Extracted records:
-------------------------

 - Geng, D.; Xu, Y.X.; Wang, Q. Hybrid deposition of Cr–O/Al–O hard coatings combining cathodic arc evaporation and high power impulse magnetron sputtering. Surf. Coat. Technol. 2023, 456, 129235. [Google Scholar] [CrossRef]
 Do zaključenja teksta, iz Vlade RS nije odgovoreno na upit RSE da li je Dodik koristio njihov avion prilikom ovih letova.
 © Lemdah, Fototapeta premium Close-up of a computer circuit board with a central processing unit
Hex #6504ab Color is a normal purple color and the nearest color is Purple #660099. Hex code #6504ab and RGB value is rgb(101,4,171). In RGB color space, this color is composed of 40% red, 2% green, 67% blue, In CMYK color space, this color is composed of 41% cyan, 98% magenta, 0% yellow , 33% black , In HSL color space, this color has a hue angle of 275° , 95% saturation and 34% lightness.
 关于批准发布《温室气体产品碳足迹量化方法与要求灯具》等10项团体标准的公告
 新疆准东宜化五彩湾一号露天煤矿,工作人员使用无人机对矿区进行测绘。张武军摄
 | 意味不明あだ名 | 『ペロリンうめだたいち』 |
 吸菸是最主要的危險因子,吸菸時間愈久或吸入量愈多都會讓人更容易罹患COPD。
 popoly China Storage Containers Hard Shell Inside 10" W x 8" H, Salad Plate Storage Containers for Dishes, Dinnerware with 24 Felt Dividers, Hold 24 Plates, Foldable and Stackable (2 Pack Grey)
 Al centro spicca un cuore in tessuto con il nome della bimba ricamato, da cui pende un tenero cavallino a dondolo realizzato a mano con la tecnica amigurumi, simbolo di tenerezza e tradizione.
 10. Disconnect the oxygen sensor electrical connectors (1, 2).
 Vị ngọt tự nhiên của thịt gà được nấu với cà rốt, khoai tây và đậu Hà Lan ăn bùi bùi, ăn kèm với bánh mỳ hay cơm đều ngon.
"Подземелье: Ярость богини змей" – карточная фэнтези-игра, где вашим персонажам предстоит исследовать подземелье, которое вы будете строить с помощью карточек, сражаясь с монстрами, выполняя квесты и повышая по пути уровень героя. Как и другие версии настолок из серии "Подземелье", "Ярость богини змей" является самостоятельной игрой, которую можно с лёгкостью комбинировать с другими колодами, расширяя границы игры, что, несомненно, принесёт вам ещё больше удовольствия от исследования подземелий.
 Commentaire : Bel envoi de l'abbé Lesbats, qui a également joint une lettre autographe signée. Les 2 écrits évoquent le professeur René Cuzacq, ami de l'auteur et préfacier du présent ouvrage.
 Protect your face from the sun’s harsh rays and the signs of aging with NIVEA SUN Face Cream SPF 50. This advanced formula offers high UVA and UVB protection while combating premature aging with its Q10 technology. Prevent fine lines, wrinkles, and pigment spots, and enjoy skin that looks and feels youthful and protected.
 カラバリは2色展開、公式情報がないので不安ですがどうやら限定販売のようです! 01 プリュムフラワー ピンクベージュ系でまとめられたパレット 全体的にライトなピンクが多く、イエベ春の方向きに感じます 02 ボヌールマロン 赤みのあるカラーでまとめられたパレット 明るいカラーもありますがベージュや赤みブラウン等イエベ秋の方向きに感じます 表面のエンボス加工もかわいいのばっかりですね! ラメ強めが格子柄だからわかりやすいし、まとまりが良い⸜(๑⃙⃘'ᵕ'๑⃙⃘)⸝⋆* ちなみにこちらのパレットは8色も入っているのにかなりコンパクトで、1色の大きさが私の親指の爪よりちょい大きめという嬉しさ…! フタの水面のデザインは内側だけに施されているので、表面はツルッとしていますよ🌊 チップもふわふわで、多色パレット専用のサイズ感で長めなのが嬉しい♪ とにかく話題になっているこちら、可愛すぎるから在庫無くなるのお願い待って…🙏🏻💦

-------------------------

About this task:
How many lines in the records above contain the string "high"? State the number and nothing more.

Written reply:
2